View from the House - Austin Mitchell MP
(Accountancy Age, 10 June 1999)
The UK accountancy bodies have always behaved like trade associations,
not guardians of the public interest. They seek economic advantages
for their
members. They lobby government departments to protect their interests.
They aim to shift the tax burdens from the rich to the poor.Yet
their PR
still claims that accountancy is a profession - independent,
respectable and
principled - and that accountants individually accept responsibility
for their
judgements and that they themselves serve the public interest,
accountability
and transparency. It's all a 19th century myth.
Personal responsibility is now increasingly replaced by incorporation
of firms. LLPs will, they hope, finalise this process. Rather than ethics,
social responsibility and professional
judgement, accountants shelter behind the latest accounting and
auditing
standards and their self-protecting ingenuities.

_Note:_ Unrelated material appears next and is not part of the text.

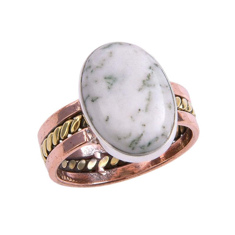 Кольцо из серебра 925 пробы с натуральным зеленым опалом и дендритом, двухцветное, размер 8, к7 г 36

The accountancy bodies claim to serve 'the public interest' but, when
I asked them how, none could indicate its meaning. Nor could they point
me to any part of their syllabuses
which encourages accountants to reflect on 'whose interest is
the public
interest'. Accountancy firms rarely publish any meaningful information
about their own affairs but they want it from everyone else.
The
accountancy bodies hide behind claims of ethics and transparency,
but rarely
apply either to their own affairs. The English ICA 'open' council
meetings are
a sham. ACCA and CIMA keep the public well away, and when I asked
why
ACCA had mysteriously dumped an officer, I was told it was its
own business
not mine. All companies publish details of the highest-paid executive's
salary. CIMA does not. ACCA officeholders take spouses and 'partners'
on worldwide travels at the members' expense, but the annual
report fails to
disclose who paid for whom. Under pressure, ACCA's chief executive
has been obliged to give the figures to the Privy Council Office,
but the annual
accounts remain silent. My enquiries get one-line replies inviting
me to
rearrange two words to form a well-known English phrase or expression.
So
much for the public interest.
Austin Mitchell is Labour MP for Great Grimsby.